School leaders say the declining enrollment has nothing to do with the shootings. They say the area—an established, affluent suburb of Denver—has simply reached its maximum building capacity and is no longer a starter community for young families.

But the struggle for normality at the school and within the community has left many people wondering if the declining enrollment is a result of the shootings.

As lawsuit after lawsuit was filed in the wake of the incident, and the desire to assign blame grew stronger, dissension spread across the community.

Much of the blame was directed at the Jefferson County Sheriff’s Office, which was faced with 15 lawsuits. All were dismissed, with the exception of the action filed by Dave Sanders’ family, which argued that the teacher might have survived had the police department allowed paramedics to enter the building sooner. The family settled for $1 million.

Other families also eventually settled with the sheriff’s department for between $15,000 and $25,000 each.

Law-enforcement tactics have now changed. The “surround and wait” police tactics that were used at Columbine are now a thing of the past, said Stephen W. Wahlberg, a lawyer in Englewood, Colo., who represented injured students and their families.

“SWAT teams will now go in [to schools] instead of screwing around,” he said. “The notion that gunmen will have free range to go through shooting people is over.”

But the heightened awareness about the potential for violence has also led to an atmosphere of overreaction, Mr. Wahlberg said.

“A kid got expelled two years ago at an elementary school [in a nearby county] for threatening to beat someone up,” he said. “That wouldn’t have happened pre- Columbine.” Now, he said, “it’s like a one strike and you’re out at Columbine and other schools in Colorado.”

“I’m not discounting that threats can be bad and lead to violence,” Mr. Wahlberg continued, “but when you’re dealing with 5th and 6th graders?”

Divided PTA

Over the past five years, the school community has been divided by more than legal opinion.

The Colorado PTA found itself caught up in an angry tide of parents and community leaders associated with Columbine High School, who argued with each other over everything from how to run the school’s booster club to plans for fund- raisers. “You name it, they fought about,” said Mr.

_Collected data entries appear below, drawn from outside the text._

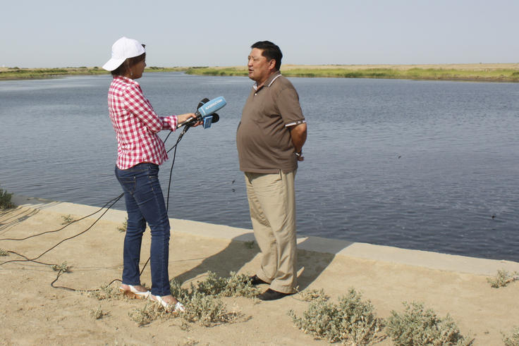 Nazhmadin Musabayev, the former governor of the Aral Region, gives an interview at the Kokaral dam regarding the current situation in the region.
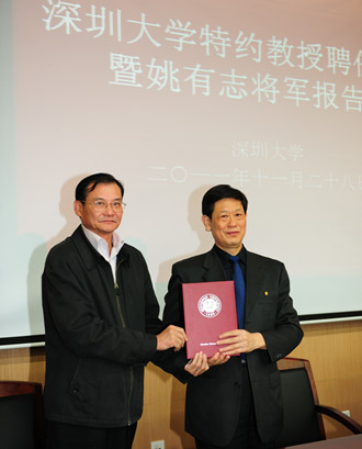 11月28日晚上,乐竞平台特约教授聘任仪式暨姚有志将军报告会在我校南图书馆一楼报告厅举行。中国军事科学院战略研究部部长姚有志少将,深圳市委常委、深圳市警备区政治委员、党委书记王小毛大校,我校党委书记江潭瑜、党委副书记陶一桃和相关部室负责人以及两百多名深大师生参加报告会。 陶一桃介绍了姚有志将军、王小毛大校的简历。江潭瑜为姚有志、王小毛颁发聘书,聘请他们为乐竞平台特约教授。 ...
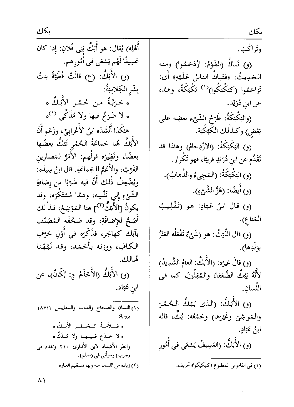 والأَبَكُّ: العَسِيفُ يَسعَى فِي أُمُورِ أَهْلِه يُقال: هُوَ} أَبَكّ بني فُلان: إِذا كَانَ عَسِيفاً لَهُم يَسعَى فِي أمُورِهم. والأَبَكُّ: قالَتْ قُطَيَّةُ بنت بِشْرٍ الكِلابِيَّةُ: جَرَبَّةٌ من حُمُرِ الأَبَكِّ لَا ضَرَعٌ فِيهَا وَلَا مُذَكِّى هكَذا أَنْشَدَه ابنُ الْأَعرَابِي، وزَعَم أَنْ الأَبَكَّ هُنا جَماعَةُ الحُمُرِ {تَبُكُّ بعضُها بَعْضًا، ونَظِيره قولُهم: الأَمَرّ لمَصارِينِ الفَرثِ، والأَعَمُّ للجَماعَةِ. قَالَ ابنُ سِيدَه: ويُضْعِفُ ذَلِك أَنّ فِيهِ ضَرباً من إِضافةِ الشّيءِ إِلىِ نَفْسِه، وَهَذَا مُستَكْرَه، وَقد يكون الأبَكّ، هُنَا المَوْضِعُ، فَذَلِك أَصَحُّ للإِضافَةِ، وَقد صَحَّفَه المُصَنّف بآبَك كهاجَر، فذَكَرَه فِي أَوّلِ حَرفِ الكافِ، ووزنه بأَحْمَد، وَقد نَبَّهْنا هُنالك. والأَبَكُّ الأَجْذَمُ} بُكّانٌ، عَن ابنِ عَبّاد.

Townsend, the current state PTA president.

“It’s been an interesting transition,” he continued. “The culture [of the Columbine PTA] developed into, at first, one of: ‘Oh, dear God. What are we gonna do? What will happen?’ A large number of people wanted to assign responsibility.”

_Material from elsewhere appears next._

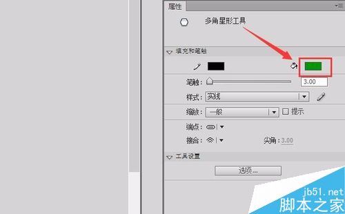 12、再次选择多角星形,在属性里设置填充色为绿色,如图所示:

As the months passed and questions remained unanswered, parents began to disagree. When a new class of freshmen entered Columbine in fall 1999, an adversarial culture developed among the school’s parents, Mr. Townsend said. The parents of senior students, whose families had been at the center of the crisis, discounted the viewpoints of the newcomers, and communications broke down.

The atmosphere deteriorated so much that the state PTA, in an unprecedented move, stepped in and took over the day-to-day operations of the Columbine PTA.

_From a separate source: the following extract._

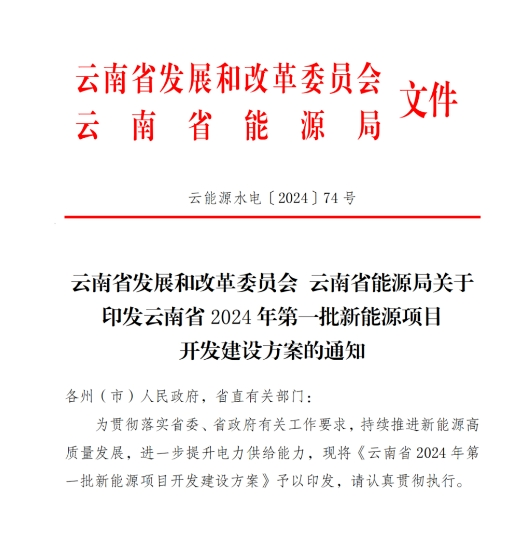 4月25日,云南省发改委及能源局联合发布《关于印发云南省2024年第一批新能源项目开发建设方案的通知》。《通知》指出,纳入云南省2024年第一批新能源项目开发建设方案实施的项目共141个,总规模1018.325万千瓦。其中,光伏项目规模1006.36万千瓦,风电11.965万千瓦。
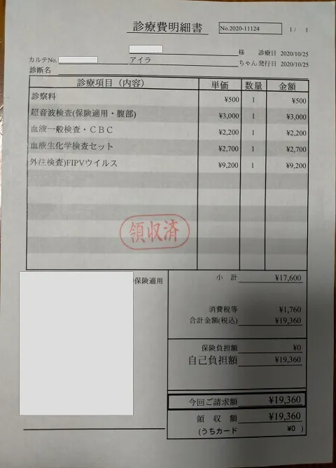 未承認の薬で理由はわからないがとても高額であり、現時点でFIPに有効な治療はムティアンだけで、他は対処方でしかない事を教えていただきました。

State PTA officers, with the aid of Principal DeAngelis, worked to revive the lines of communication and stabilize operations. Finally, during the 2001-02 school year, operations grew less strained, and state PTA officials returned control to local officials.

‘A Place to Go’

For Frank DeAngelis, the decision to stay at Columbine was not an easy one. Over the past five years, he has witnessed the struggle—both among students and his colleagues—to move on.

He recalled last month, with vivid detail, an incident when he and the Columbine students were still at Chatfield High School. Some balloons that were curved to form a decorative archway inside the building suddenly popped, and several students ducked for cover.

Like some teachers who have remained at the school, the principal said he still feels troubled sometimes when he walks down the hall, and he tries not to flinch at the sound of police sirens.

But since that day in 1999, he said, time has helped heal emotional wounds.

“Columbine served as a wake-up call for the nation,” he said. “The biggest thing that needs to be done nationwide is making sure that kids have a place to go” to express themselves and seek help.